Curaçao wacht niet alleen op excuses voor het slavernijverleden, maar ook op eerherstel voor Tula, die eeuwenlang door Nederland is afgedaan als een schurk. Hij leidde de slavenopstand en moest dat met de dood bekopen. ‘Ik heb op school alleen maar geleerd over Piet Hein. Misschien dat dit nu eindelijk verandert.’

Gibi Bacilio, dichter en activist, een van de voorvechters van eerherstel voor Tula, bij het monument voor de slavenopstand in Willemstad.Beeld Joris van Gennip voor De Volkskrant

In de turquoise baai aan de Curaçaose zuidkust ligt de Marella Explorer 2 met 2.253 TUI-toeristen in haar vijftien-deks buik aangemeerd op dezelfde plek waar ruim twee eeuwen geleden het verminkte lichaam van Tula in zee werd gedumpt.

Gibi Bacilio (72) wijst naar de rand van het rif. ‘Zijn hoofd werd op een spies gezet hier op het galgenveld.’ Als afschrikmiddel voor andere potentiële ‘raddraaiers en moordenaars’, zo formuleerde het Nederlandse bewind. Bacilio, activist, dichter en voorzitter van het Platform Slavernij en Erfenis ijvert al decennia voor Nederlands’ eerherstel van Tula, de leider van de grote slavenopstand op Curaçao van 17 augustus 1795.

Geïnspireerd door de idealen van Franse Revolutie én de Haïtiaanse zocht Tula – zoals genoteerd in een verslag van een Nederlandse pater – naar betere leefomstandigheden voor de mannen, vrouwen en kinderen met Afrikaanse voorouders die in slavernij moesten werken. Hij schijnt charismatisch te zijn geweest, een goed redenaar.

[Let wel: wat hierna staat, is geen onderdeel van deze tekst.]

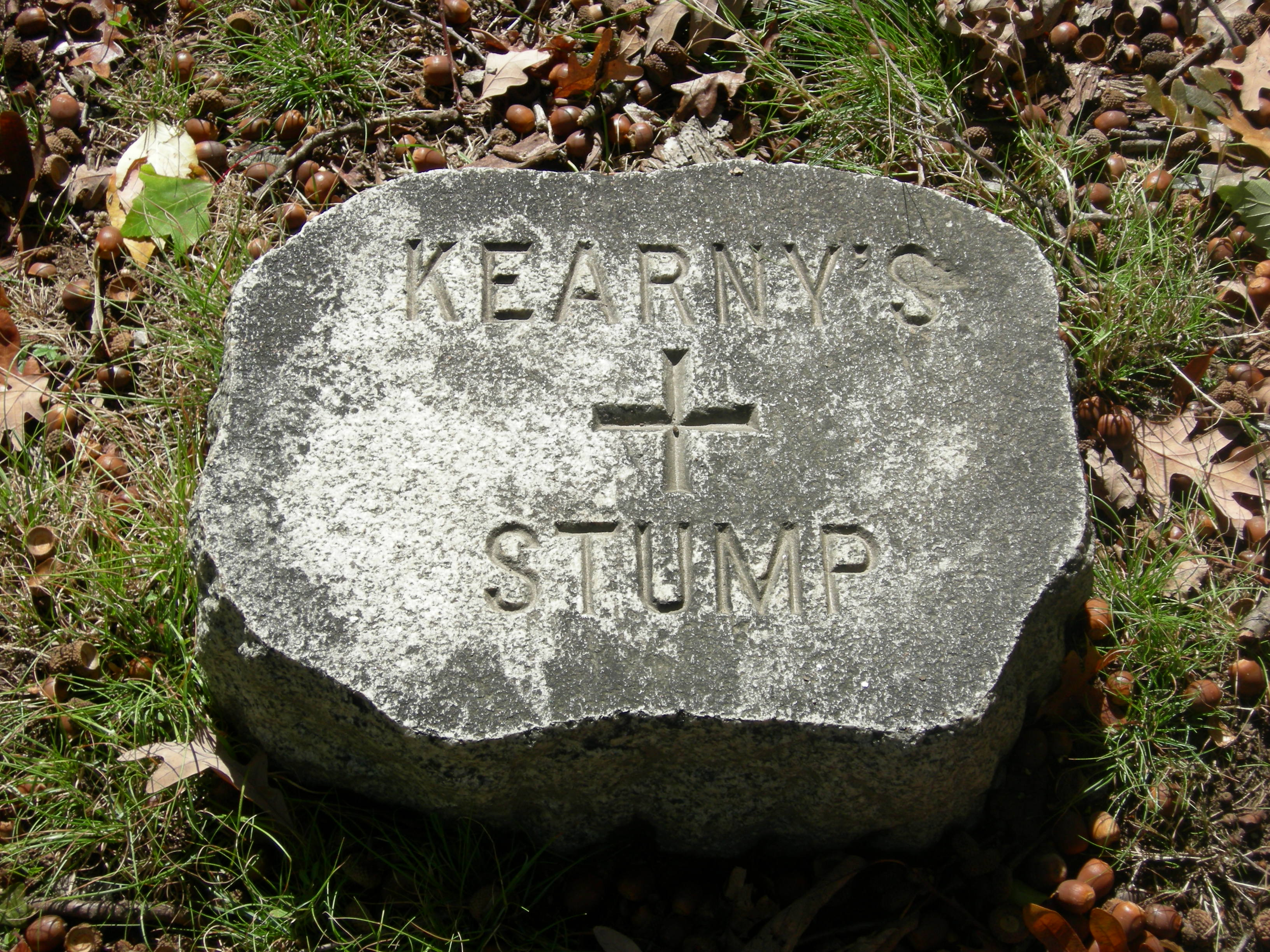 Kearny's Stump at Ox Hill Battlefield Park, in Fairfax, Virginia, USA. This was supposedly the location where Philip Kearny, a Union general, was killed during the Battle of Chantilly (or Ox Hill) during the Civil War. He is now known to have died a short distance away, but the stump (replaced with this stone marker) is part of the survey definition for a memorial plot nearby.

Tula wilde een gesprek met de Nederlandse gouverneur, maar die weigerde en mobiliseerde zijn manschappen. Meer dan een maand duurde de strijd die volgde. Zo’n tweeduizend tot slaaf gemaakten van verschillende plantages wist Tula te mobiliseren, samen met zijn medestrijders Bashan Carpata, Luis Mercier en Pedro Wacao. ‘Hij moest zijn daad van verzet met folteringen en een gruwelijke dood bekopen’, zegt Bacilio.

Gebrek aan kennis

Op deze plek in het Parke Lucha pa Libertat (Park van de Vrijheidsstrijd), bij het Tula-monument waar de jaarlijkse herdenking van de opstand plaatsvindt, wordt maandag de toespraak van premier Rutte vanuit Nederland getoond, in aanwezigheid van staatssecretaris Van Huffelen. Voor wie niet aanwezig is – en dat zal voor de meeste eilandbewoners gelden – wordt de toespraak live uitgezonden via Facebook, radio en tv.

Terwijl de excuses voor het slavernijverleden in Nederland tot verhitte discussie leiden, lijkt het gespreksonderwerp op Curaçao – een eiland waar 40 procent van de jongeren werkloos is en ruim de helft van de bevolking onder het bestaansminimum leeft – afwezig. Althans, op het eerste gezicht. Op radio, tv en in Papiamentstalige kranten gaat het nauwelijks over een ‘betekenisvol moment’ uit Den Haag.

Dat ontbreken aan massale betrokkenheid komt door gebrek aan kennis, zegt Bacilio, die de gesprekken op het eiland leidde die uitmondden in de adviezen in het rapport van de Dialooggroep Slavernijverleden. Wie zijn geschiedenis niet kent, kan zich noch opwinden over de ontstaansgeschiedenis van de ongelijkheid, noch trots voelen over het verzet van verre voorouders. ‘Om je te organiseren en je mond te kunnen roeren, heb je een horizon nodig.’ Veel activisten hier studeerden of woonden een tijd in het buitenland. Zelf had hij ‘het geluk’ dat de Nederlandse fraters op het eiland hem uitkozen voor een priestersopleiding in het buitenland. Priester werd hij niet, hij keerde terug als activist.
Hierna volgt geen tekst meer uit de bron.